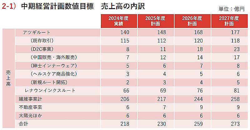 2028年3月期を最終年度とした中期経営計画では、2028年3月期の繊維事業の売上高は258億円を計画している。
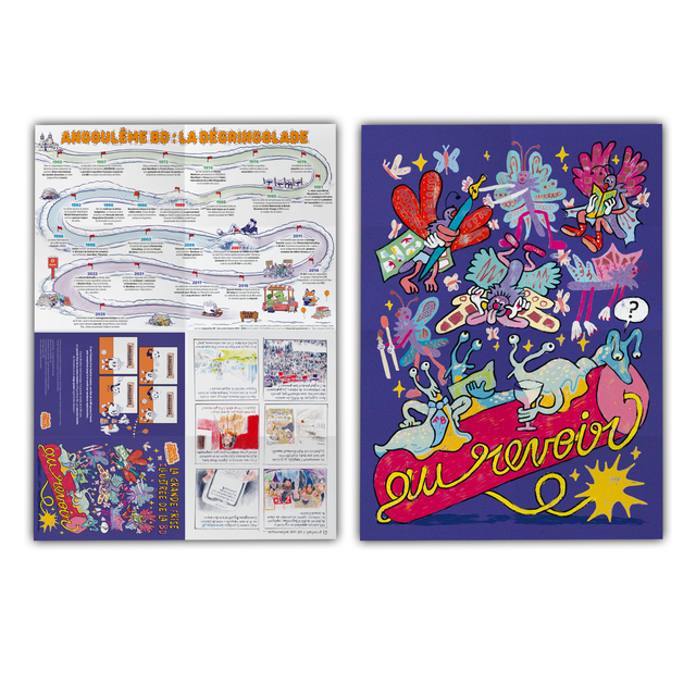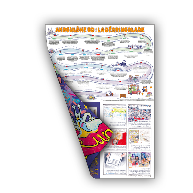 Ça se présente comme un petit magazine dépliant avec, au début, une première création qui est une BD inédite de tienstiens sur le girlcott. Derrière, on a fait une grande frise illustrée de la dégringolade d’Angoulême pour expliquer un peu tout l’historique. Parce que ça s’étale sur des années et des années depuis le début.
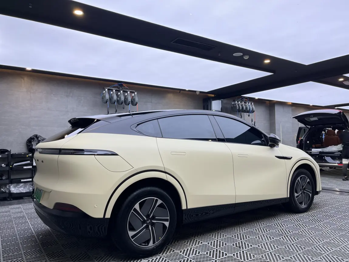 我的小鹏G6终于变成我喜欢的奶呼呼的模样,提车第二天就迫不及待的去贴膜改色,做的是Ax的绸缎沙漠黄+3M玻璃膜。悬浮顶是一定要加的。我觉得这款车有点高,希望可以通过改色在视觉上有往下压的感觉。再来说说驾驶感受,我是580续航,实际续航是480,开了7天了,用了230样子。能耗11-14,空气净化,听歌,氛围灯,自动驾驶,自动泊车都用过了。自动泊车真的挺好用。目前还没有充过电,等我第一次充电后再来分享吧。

● ● ● ● ●

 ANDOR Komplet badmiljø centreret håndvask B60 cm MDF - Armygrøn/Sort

● ● ● ● ●

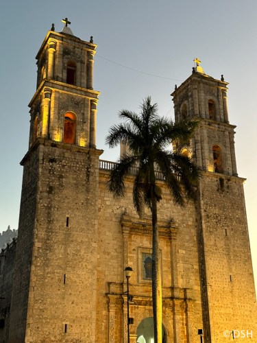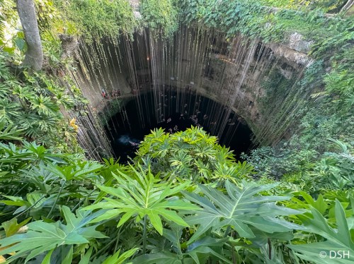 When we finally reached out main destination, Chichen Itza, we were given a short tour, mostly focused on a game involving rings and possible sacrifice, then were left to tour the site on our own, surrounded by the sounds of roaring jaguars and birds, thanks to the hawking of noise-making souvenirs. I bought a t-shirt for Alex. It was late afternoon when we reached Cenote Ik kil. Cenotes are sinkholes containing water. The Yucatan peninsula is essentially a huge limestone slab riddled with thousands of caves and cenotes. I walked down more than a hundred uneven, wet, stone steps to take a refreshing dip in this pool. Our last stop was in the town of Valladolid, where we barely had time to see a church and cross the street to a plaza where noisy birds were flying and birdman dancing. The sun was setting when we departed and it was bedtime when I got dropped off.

● ● ● ● ●

▶ [Problem details]
Copy word for word the lines above, starting at the line containing "2028年3月期を最終年度と" and ending at the line containing "Ça se présente", inclusive, with no pictures.

▶ [Solution for this problem]
 2028年3月期を最終年度とした中期経営計画では、2028年3月期の繊維事業の売上高は258億円を計画している。
 Ça se présente comme un petit magazine dépliant avec, au début, une première création qui est une BD inédite de tienstiens sur le girlcott. Derrière, on a fait une grande frise illustrée de la dégringolade d’Angoulême pour expliquer un peu tout l’historique. Parce que ça s’étale sur des années et des années depuis le début.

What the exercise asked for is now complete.